→ **DATASET EXTRACT**
- Opening Delimiter -
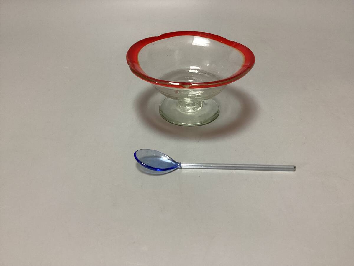 - 輪花 縁赤 氷コップ 古いガラススプーン1本おまけ付 売り切り 画像判断でお願いします (検) 和ガラス ウランガラス
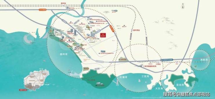 崖州高铁站:直线距离约6km
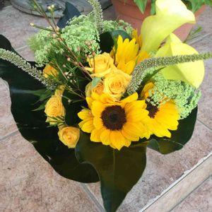 今咲いているお花が💐ピンク、パープル、赤なのでこのビタミンカラーは、刺激的😄 久しぶりのお店で素敵なブーケの作成中に遭遇💐無理をお願いして購入💕 さっそく、彼の元にお届け💕
- Closing Delimiter -
→ **REQUIRED WORK**
Drop the images, then copy the data exactly.

→ **ANSWER TO THIS EXERCISE**
 - 輪花 縁赤 氷コップ 古いガラススプーン1本おまけ付 売り切り 画像判断でお願いします (検) 和ガラス ウランガラス
 崖州高铁站:直线距离约6km
 今咲いているお花が💐ピンク、パープル、赤なのでこのビタミンカラーは、刺激的😄 久しぶりのお店で素敵なブーケの作成中に遭遇💐無理をお願いして購入💕 さっそく、彼の元にお届け💕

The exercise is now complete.